My DIY bass preamps measure at well under 0.1% for the solid state ones and 0.5-2% for the tube ones. I use PA grade power amps kept well under audible clipping at all times. Speakers are another story though, of course.
 
Anybody want to do a doubler for about 600V?

Capacitors.jpg
 
500w

One way that occurs to me is to use the 1900 ohm 280W Hammond OPT but that 475 ohm load line needs a lot of cathode current (over 1A peak). Maybe 2 or more likely 3 parallel 6550s and you could get 250W+ out. Even at that low impedance you need something approaching 600V B+

I don't know of any schematics but the OPT is the place to start and there are few at the >200W power level.

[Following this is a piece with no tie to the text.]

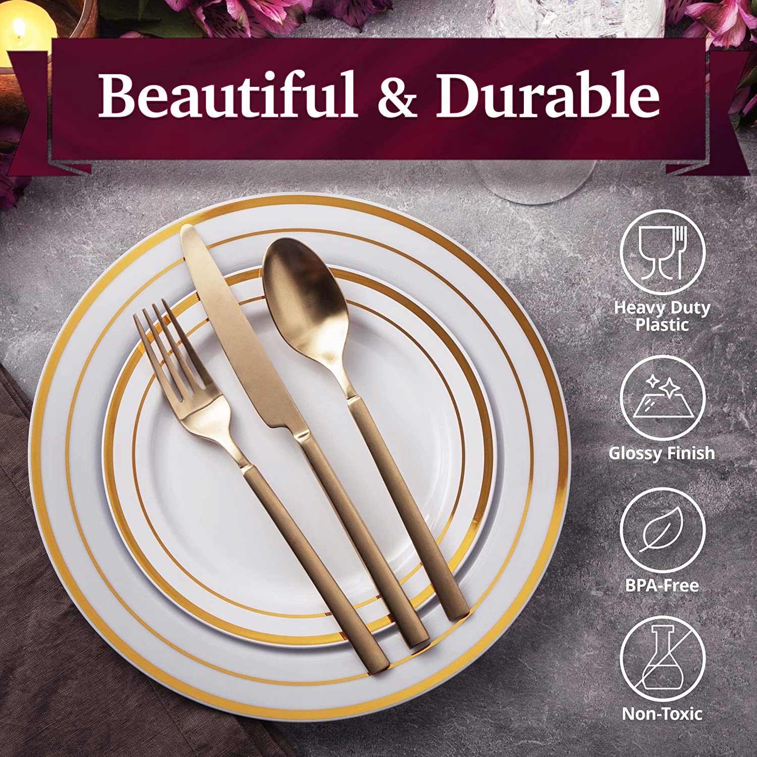[Elegancki design] Złote obramowania nadają imprezie elegancki, nowoczesny charakter, aby zorganizować stylowe przyjęcie i zaimponować przyjaciołom oraz rodzinie luksusowym złotym zestawem naczyń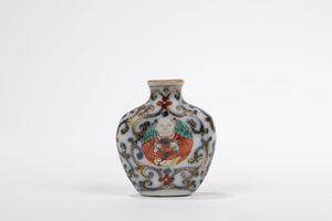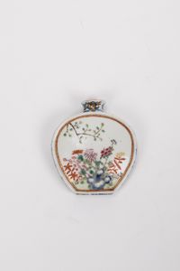 h cm 6,5 Cina, Repubblica di Cina (1912-1949) Dalla forma schiacciata, è decorata ai lati in blu sotto coperta [..]

Hi, The Hammond transformer I think its the 1650w Can be parrelled, you need two, Eight kt88,s will give you 500w, tetrode connected with 750v B+ and 420 volt on the screens, Svetlana and eh kt88,s are fine with this, I had my output Transformer wound for me, The Hammond transformers are conservatively rated and will do this easily.
 
Hi Guys

The Hammond 1650W can be used with three pairs of 6550 or KT-88 to provide 465Wrms at a loaded Va=770V and 390V on the screens. The usual supply in this type of amp is a voltage doubler.

Fender did exactly this in their PS-400 amp with 6550s. Their OT was the same Raa as the 1650W but without UL taps. Low impedance drive is needed for this type of amp.

The above performance is within tube safety rules for types specified.

At 280W or so, you'll have response to 30Hz. At 450W, the low end will be falling off around 50Hz.

The reason you see a sea of tubes for high power is many-fold: Low-z low-v requires high current, so many tubes in parallel unless you can find a type that provides very high current (sweep tubes can do this). Production amps must attain a certain reliability in multiple end-user's hands, so erring on the conservative side is best for the manufacturer. App-notes show conservative use, and these are the basis for most production designs.

Designers who do more than parrot the app-note realise a lot more power is available from a given tube type. A pair of EL-34s will put out 100W, as will a pair of 6L6GCs. A pair of 6550s will do 150W. A pair of real EL-509s will do almost 200W.

Most hobbyists have to begin with a stock OT, so that will set the design. Note that the operating ranges of the common power tubes overlap to a great extent, so most designs can be fitted with nearly any tube with the same pinout.

The 1650T can be used safely in 200W designs with a quad of tubes driving it. bass will be rolled off as above. A more conservative 160W design can use the 278CX PT and keeps the whole package to a manageable weight. When you are considering these kinds of power levels, it is really worthwhile to also consider biamping or triamping, to reduce the power per amplifier required.

Also, if you are ordering the Hammond OTs, get the ones with an "A" suffix for easy secondary wiring, so 1650TA, 1650WA, etc.